An open API service indexing awesome lists of open source software.

https://github.com/blockscout/blockscout-req-opt-batch-size-finder

Script for finding optimal batch size and concurrency for block import for the given archive node endpoint
https://github.com/blockscout/blockscout-req-opt-batch-size-finder

Last synced: 6 months ago
JSON representation

Script for finding optimal batch size and concurrency for block import for the given archive node endpoint

Awesome Lists containing this project

README

          

# Script to define optimal batch size and concurrency of blocks import

## Run
Pass the arguments in command line:
```
RUST_LOG=info cargo run node_end_point block_num_total cnt
```
Where:
- `RUST_LOG=info` is to track progress
- `node_end_point` is node for test (e. g. *https://rpc.xdaichain.com/*, or *rpc.xdaichain.com*)
- `block_num_total` is number of generated blocks
- `cnt` is number of runs (optional, 10 by default)

## Tools
The work used: *rust* (rustc, cargo 1.60.0), python3. Part of the *Cargo.toml*:
```
[dependencies]
rand = "0.8.4"
reqwest = { version = "0.11", features = ["json", "blocking"] }
serde = {version = "1.0.137", features = ["derive"] }
serde_json = "1.0.81"
env_logger = "0.9.0"
log = "0.4.17"
csv = "1.1.6"
```
## Structure of concurrency
The picture shows how the block numbers are stored in memory and how concurrency is applied to them:

![](https://i.imgur.com/qCOH6eB.png)

## Analysis
Let's take a look at the distribution when iterating `block_batch_size`:

* These plots shows dependence of time on concurrency.
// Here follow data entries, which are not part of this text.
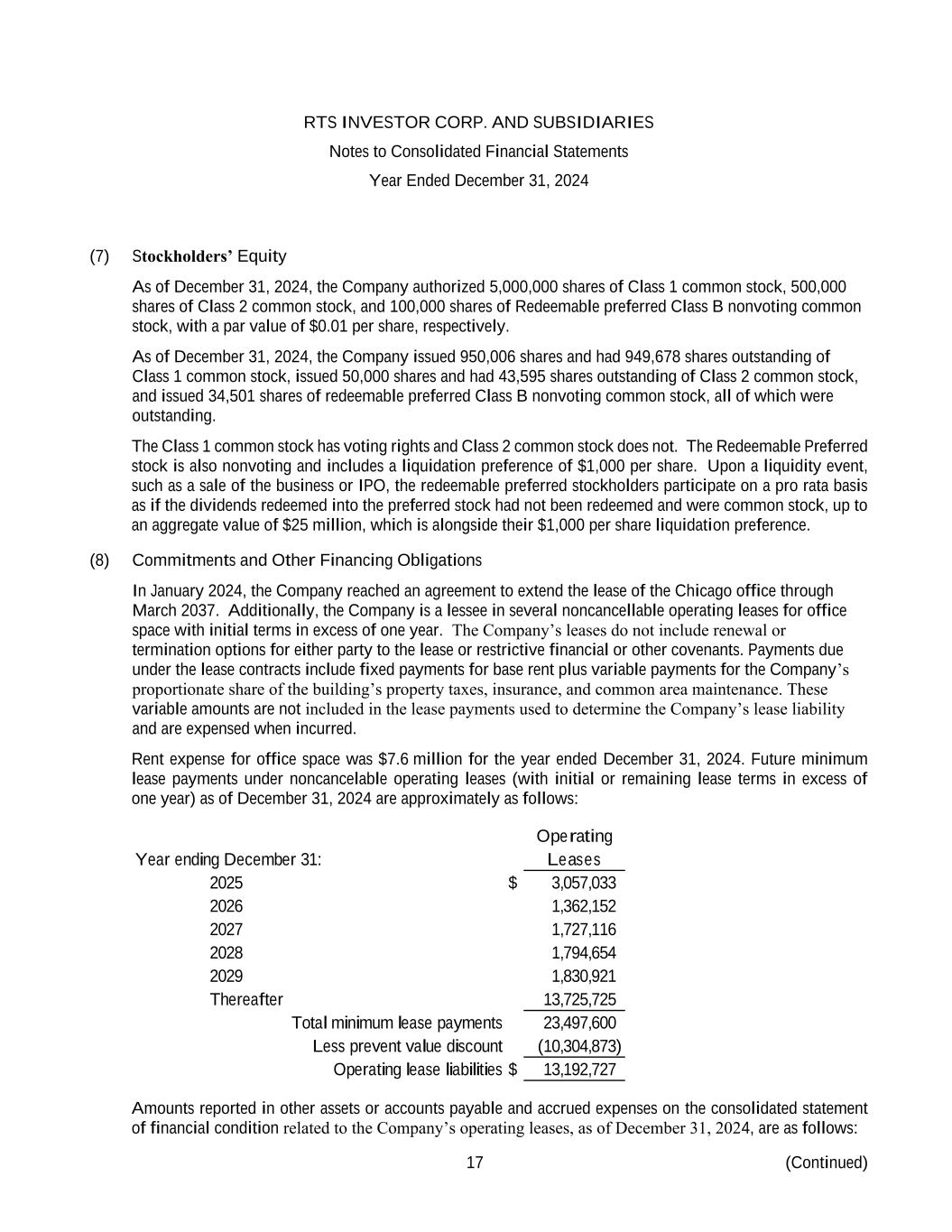 RTS INVESTOR CORP. AND SUBSIDIARIES Notes to Consolidated Financial Statements Year Ended December 31, 2024 17 (Continued) (7) Stockholders’ Equity As of December 31, 2024, the Company authorized 5,000,000 shares of Class 1 common stock, 500,000 shares of Class 2 common stock, and 100,000 shares of Redeemable preferred Class B nonvoting common stock, with a par value of $0.01 per share, respectively. As of December 31, 2024, the Company issued 950,006 shares and had 949,678 shares outstanding of Class 1 common stock, issued 50,000 shares and had 43,595 shares outstanding of Class 2 common stock, and issued 34,501 shares of redeemable preferred Class B nonvoting common stock, all of which were outstanding. The Class 1 common stock has voting rights and Class 2 common stock does not. The Redeemable Preferred stock is also nonvoting and includes a liquidation preference of $1,000 per share. Upon a liquidity event, such as a sale of the business or IPO, the redeemable preferred stockholders participate on a pro rata basis as if the dividends redeemed into the preferred stock had not been redeemed and were common stock, up to an aggregate value of $25 million, which is alongside their $1,000 per share liquidation preference. (8) Commitments and Other Financing Obligations In January 2024, the Company reached an agreement to extend the lease of the Chicago office through March 2037. Additionally, the Company is a lessee in several noncancellable operating leases for office space with initial terms in excess of one year. The Company’s leases do not include renewal or termination options for either party to the lease or restrictive financial or other covenants. Payments due under the lease contracts include fixed payments for base rent plus variable payments for the Company’s proportionate share of the building’s property taxes, insurance, and common area maintenance. These variable amounts are not included in the lease payments used to determine the Company’s lease liability and are expensed when incurred. Rent expense for office space was $7.6 million for the year ended December 31, 2024. Future minimum lease payments under noncancelable operating leases (with initial or remaining lease terms in excess of one year) as of December 31, 2024 are approximately as follows: Amounts reported in other assets or accounts payable and accrued expenses on the consolidated statement of financial condition related to the Company’s operating leases, as of December 31, 2024, are as follows: Operating Year ending December 31: Leases 2025 $ 3,057,033 2026 1,362,152 2027 1,727,116 2028 1,794,654 2029 1,830,921 Thereafter 13,725,725 Total minimum lease payments 23,497,600 Less prevent value discount (10,304,873) Operating lease liabilities $ 13,192,727
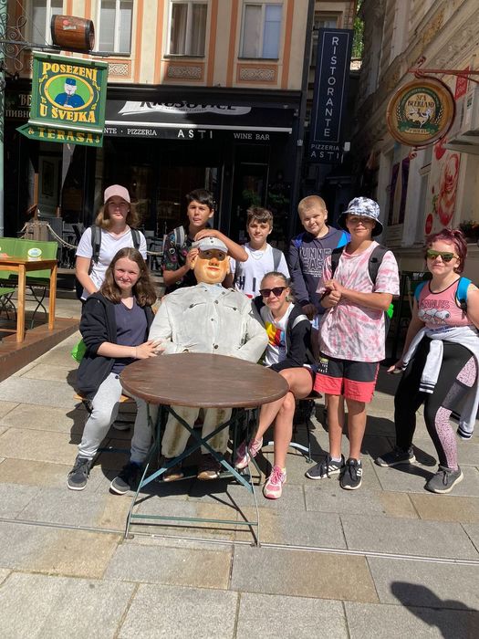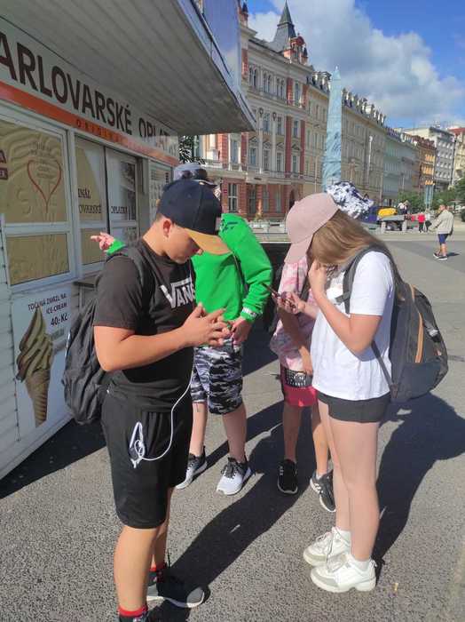 Karlovy Vary pro nás nejsou neznámé, ale tentokrát jsme je poznávali prostřednictvím interaktivní hry Objev město. Mobilní telefon nás naváděl trasou, na které jsme plnili úkoly. Naší cestou městem jsme navštívili park v městských lázních, Mlýnskou, Tržní i Vřídelní kolonádu. Nemohla chybět ani ochutnávka pramenů. U Vřídla se někteří posilnili lázeňskou oplatkou. Poslední úkol a tím i konec hry byl u Císařských lázní u pomníku Karla IV.
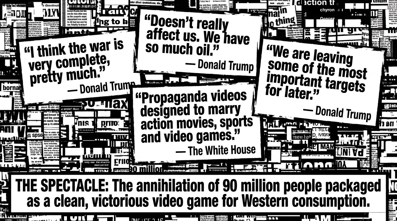 The White House has been producing war propaganda videos that, as 1News reported on 9 March, "marry action movies, sports and video games" — packaging the bombing of a civilisation into entertainment content. Families watching their homes destroyed in real time in Tehran were simultaneously being repackaged as cinematic content for American audiences. This is whakaaro kino — the colonisation of public consciousness through spectacle, turning tangata into pixels, grief into content, death into clout.
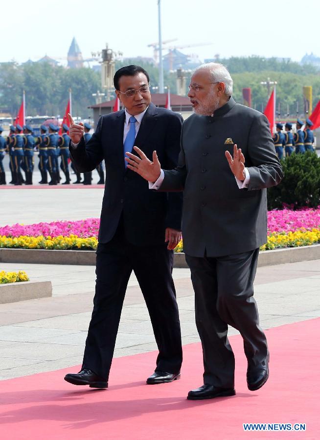Chinese Premier Li Keqiang (L) holds a welcoming ceremony for Indian Prime Minister Narendra Modi before their talks in Beijing, capital of China, May 15, 2015. (Xinhua/Liu Weibing)
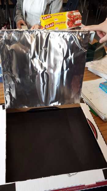 Hornos solares utilizan los rayos uv del sol para calentar el objeto. Esto ocurre porque los rayos UV se reflejan del aluminio y en la caja. En el cuadro tenemos papel negro para absorber creando calor, papel negro es el mejor para la absorción de ca
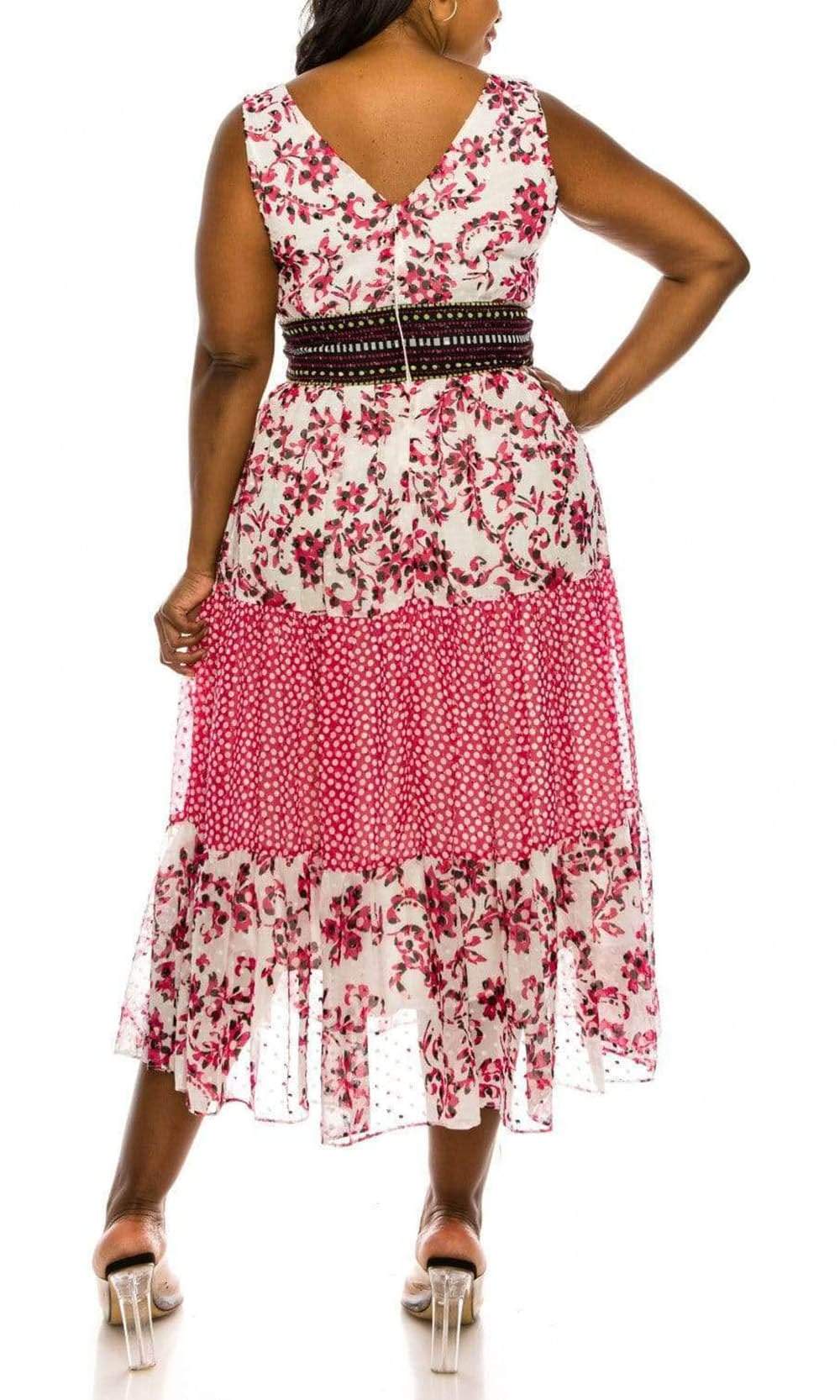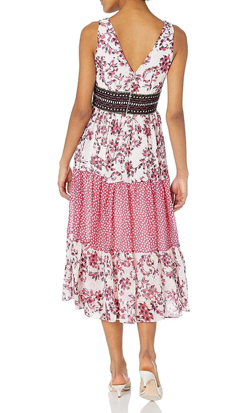 Revel in the vintage bohemian appeal of this Taylor 9713M creation. Designed with a floral chiffon silhouette, this beauty shows a v-neckline with ruffled trims that starts at the cap sleeves and meets on the bodice. The back has a v-open design and a Swiss dotted waistband. The tea length skirt flutters into an airy A-line silhouette. Impress everyone with the gorgeous style of this Taylor masterpiece.
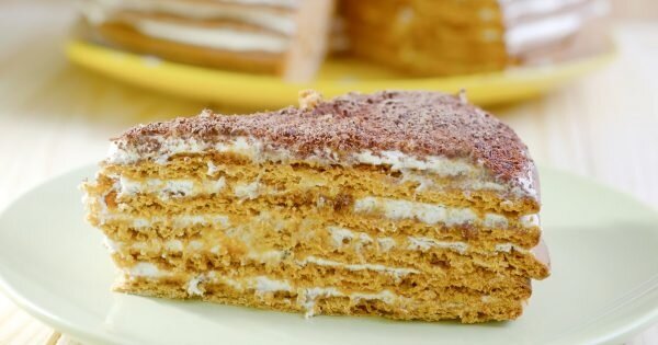 С помощью скалки перенеси корж на противень, застеленный пергаментной бумагой, и выпекай при температуре 180 градусов до румяной корочки. Это примерно 15 минут на один корж. Готовые коржи оставь остывать.
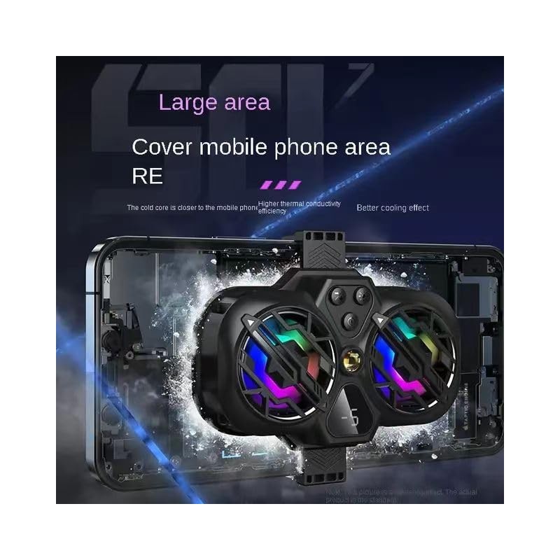 - 5. Led Technology : Colorful lights make the back of the phone more beautiful.The RGB color mode is very beautiful。Compared with the old phone radiator, you can also turn off the led lights of the radiator when you sleep, which is very convenient

Vertical line is the num of cores (I have 8).
![1](https://user-images.githubusercontent.com/70902141/171616230-9d7a71d2-4e7d-4aec-a914-0f47ebb9bce9.png)
![2](https://user-images.githubusercontent.com/70902141/171616234-e6124ca4-7e7c-466e-adfa-1c447f3d8ed3.png)
As we can see, when script create more than 8 green threads, the scheduler makes a big contribution to performance.
It also applies to *eth_getTransactionReceipt* request:
![image](https://user-images.githubusercontent.com/70902141/171616633-824e80ec-f040-4b30-b00a-c0e94dfe29a7.png)
* These graphs plotted for https://sokol.poa.network/ node.
![4](https://user-images.githubusercontent.com/70902141/171633675-5038c5e4-efe7-45d7-a97c-ea5e528e04c4.png)
![image](https://user-images.githubusercontent.com/70902141/171634703-d572b995-66ed-4b29-adb8-bd6ddeb6e4cc.png)
Analyzing them, we can put forward a hypothesis about the best enumeration of variables.
One of the hypothesis is: *change varible `block_concurrency`, thus, go by divisors of `block_num_total`*.
* Here graph for https://rpc.xdaichain.com/ node.
![image](https://user-images.githubusercontent.com/70902141/171635106-ccf2ead1-10ff-40fd-800e-aa50df5d18c3.png)
For *eth_getBlockByNumber requests* we can see two other minimums, not only (10, 4). There are (7, 6) and (15, 3).


## Problems
* With a large number of requests to the node, sometimes the server gives an error [429 Too Many Requests](https://developer.mozilla.org/ru/docs/Web/HTTP/Status/429). In this case, the script works fine, skipping these requests.
* When the script is running for a long time (with `cnt`>=40) sometimes an error is issued (*TimedOut*). Now I'm trying to catch this error.
## Results
You can check [results](results) folder.
## Сonclusion
Input variables are set in the script itself, but it can be easily fixed.
Among them: `node_end_point`, `block_num_total`, `cnt` (number of runs), `block_range`.
Two different versions of the script were written, their difference is in the approach to number of runs. In one of them hole script with *eth_getBlockByNumber* and *eth_getTransactionReceipt* request repeated `cnt` times. In other, every request repeated `cnt` times.
It seems that the second version is more visual.

I was surprised by the results of the script: the minimum was different for different `node_end_point` and with different `block_num_total`.